- Born: 1970 (age 55–56) Quito
- Occupation: human right defender

= Valeria Betancourt =

Ecuadorian sociologist

Valeria Betancourt (born in Quito in 1970) is an Ecuadorian sociologist, human rights defender and pioneer in the use of information and communication technologies (ICT) to promote the development and empowerment of citizens in Latin America and globally.

== Biography ==
Since 2003, Betancourt has worked at the Association for Progressive Communications, where she leads the global information and communication policy program. Her work is focused on research, policy advocacy, and movement building in the areas of access, human rights, and Internet governance.

As one of the founders of the Latin American and Caribbean Preparatory Meeting for the Latin American and Caribbean Internet Governance Forum (LACIGF), Valeria Betancourt has played a central role in regionalizing internet governance debates and processes in Latin America.

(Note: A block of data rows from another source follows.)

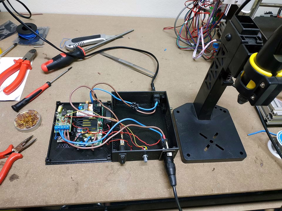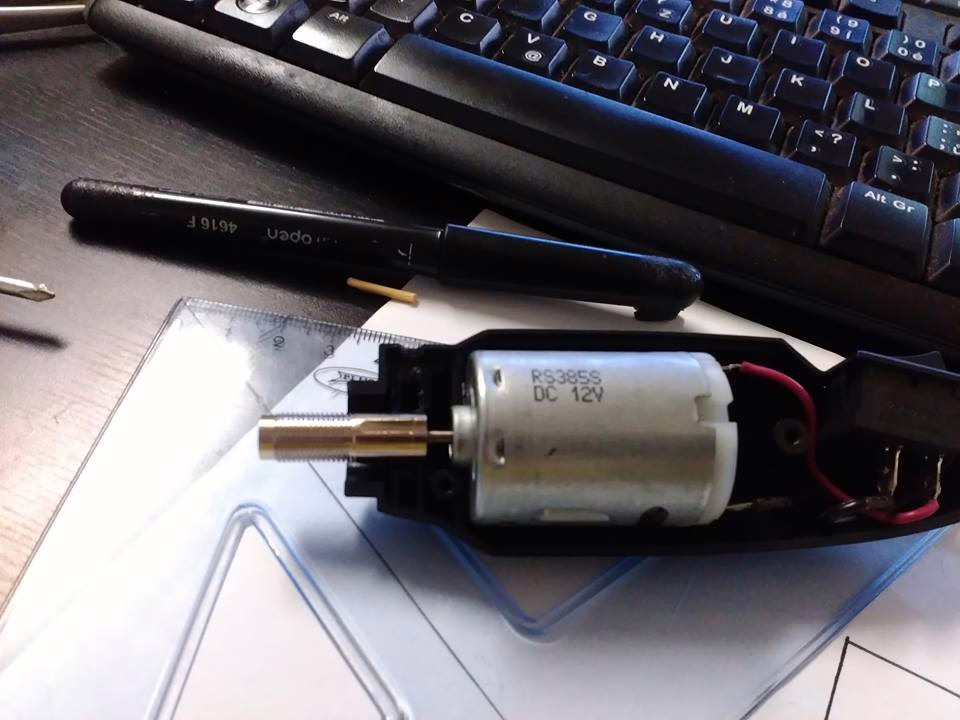 Z originální vrtačky zbyl jen plastový plášť a osička pro uchycení sklíčidla. Původní motorek jsem vyměnila za modelářský MIG 400 na 12 voltů, doplnila jsem přepínač směru otáček a původní sklíčidlo na kleštiny jsem nahradila sklíčidlem Proxxon 28941. Osičku jsem z původního motorku sundala zahřátím na cca 200 stupňů pomocí horkovzdušné pistole. Na nový motorek jsem ji pak přilepila fixátorem Loctite 648. Otvor pro nový přepínač směru otáček vznikl rozšířením původního otvoru vypínače vrtačky na cca dvojnásobek. Na přepínači jsem také musela zkrátit některé vývody, aby se do těla vrtačky vešel. Dále jsem osadila nový napájecí kabel o délce 120 cm zakončený mikrofonním konektorem XLR Deltron 709-500.
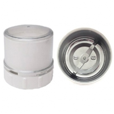 Diese Krups XF608101 Kaffeemühle ist ein Modell aus den 60 - 70 iger Jahren. Sie fällt durch ihre schlichte Form auf. Das zylindrische Gehäuse ist aus cremig lackiertem Leichtmetall und nimmt Motorblock und Mahlbehälter auf. Das Zwei - Klingen - Schlagmesser läuft in einem Edelstahlbehälter und wird beim Mahlvorgang mit einem Plastdeckel verschlossen.
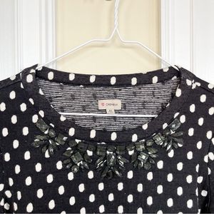 Cremieux XS Black White Pokadot Jeweled Neckline Long Sleeve Top
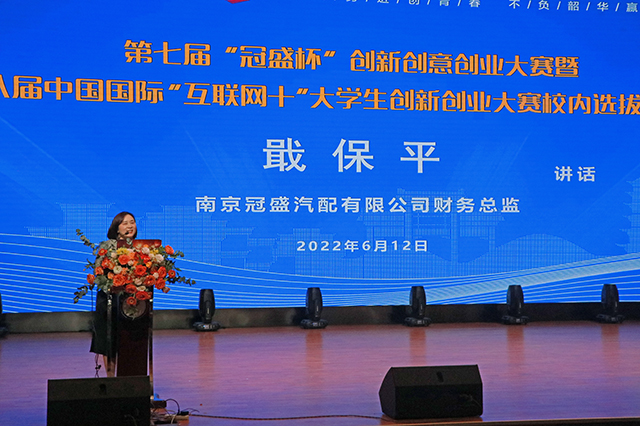 奋斗,是青春的底色。2022年6月12日,米兰官方网页版成功举办第七届“冠盛杯”创新创意创业大赛暨第八届中国国际“互联网+”大学生创新创业大赛校内选拔赛决赛。南京高等职业教育创新创业园党工委委员、管委会副主任汪春荣,南京冠盛汽配有限公司财务总监戢保平,米兰官方网页版党委书记、院长周庆礼等领导出席本次大赛。
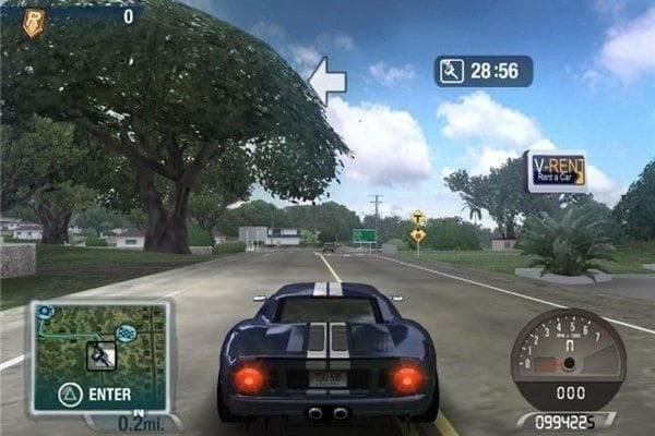 В видеоигре представлена целая карта известного города, со всеми важными районами – Hollywood Hills, Santa Monica, Downtown, South Central и South Bay. Местность воссоздана с высокой проработанностью, вплоть до реалистического трафика, где на дорогах могут завязаться даже пробки. Но периодически, чтобы добраться до заданной точки, нужно побыть пешеходом, и доблестно дойти до гаража или события, ориентируясь по GPS. А по части машин, всё выполнено на высоком уровне, ведь техника введена по настоящим лицензиям, и подлежит кастомизации в специально отведённых зонах.
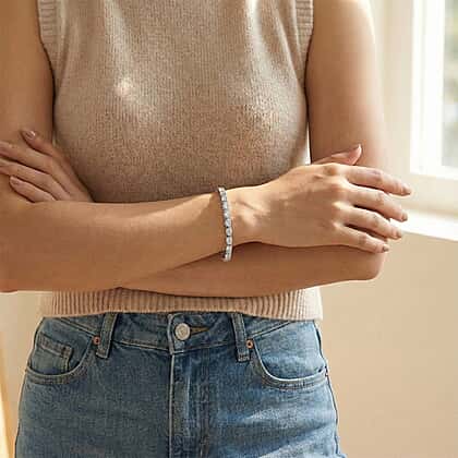 This sparkling moissanite tennis bracelet from D'Joy is designed to feel confident, polished, and quietly powerful on the wrist. This 7.75-inch bracelet features a classic line of precisely set moissanite rounds, symbolising continuity and commitment, with articulated links for fluid movement. Moissanite is prized for exceptional fire and diamond-like sparkle, offering a robust, scratch-resistant alternative to natural diamonds. Crafted in 925 sterling silver with a rhodium overlay, it’s hypoallergenic, tarnish-resistant, and won’t turn green, making it suitable for sensitive skin. A perfect choice to pair with any of your ensembles.
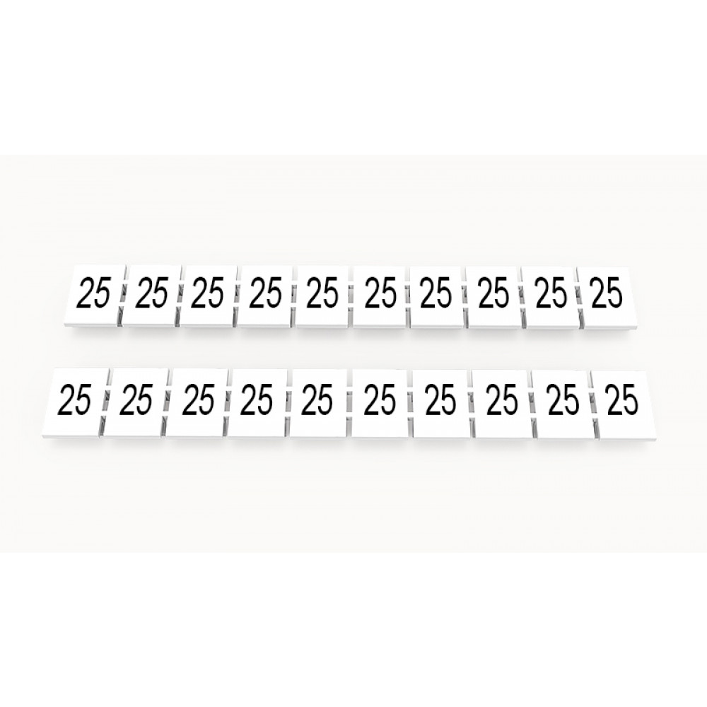 Кассета с маркировочными шильдиками, для клемм сечением 6 мм.кв., верхняя, 10 шильдиков, нанесенные символы: 25, с вертикальным расположением, размер шильдика: 7,45 x 10,7 мм, цвет: белый

During the 2016 Ecuador earthquake, she was one of the driving forces behind the collaborative mapping initiative Mapa Desastre Ecuadorto to channel the necessary aid to different parts of the country.

== Acknowledgements ==
From 2010 to 2012, Betancourt was selected to represent Latin American civil society in the Multi-Stakeholder Advisory Group of the Internet Governance Forum. In 2012 she received the LACNIC Lifetime Achievement Award,

== Notable publications ==
- "El acceso a internet: habilitador del ejercicio de derechos humanos", in Regulación de Internet y derechos digitales en Ecuador. Juan Pablo Albán Alencastro ... [and fourteen others]; general editors, Daniela Salazar, Daniela Viteri. Quito : Editorial USFQ (2016).
- "Internet for promoting, guaranteeing and exercising human rights and fundamental freedoms", in FRIDA 10 years contributing to development in Latin America and the Caribbean. Editors: Jesús Martínez and Lara Robledo, LACNIC and Seed Alliance (2015).
- "ICT for development milestones and approaches in Latin American and the Caribbean", in ENABLING OPENNESS. The future of the information society in Latin America and the Caribbean. Editors: Bruce Girard and Fernando Perini, Fundación Comunica and IDRC (2013).
- "Citizen participation in the age of the information society", in ENABLING OPENNESS. The future of the information society in Latin America and the Caribbean. Editors: Bruce Girard and Fernando Perini, Fundación Comunica and IDRC (2013).
- "Internet Rights in Ecuador : the possible triumph of activists? « Digital Rights"
- "Human rights online: an agenda still pending for civil society in Latin America and the Caribbean", in Cuestión de Derechos, ADC's magazine (2013).
- Cyberactivism: Utopia or possibility of resistance and transformation in the era of the uninformed information society?, in Chasqui Revista Latinoamericana de Comunicación (2011).
- "National Report for Ecuador", in Global Information Society Watch (2007).
- "What is a national information policy?" and "Objectives and areas of action of the national information policy" in Towards the construction of national information policies: the Latin American experience. Editor: Isidro Fernández-Aballi. Kingston. UNESCO (2007)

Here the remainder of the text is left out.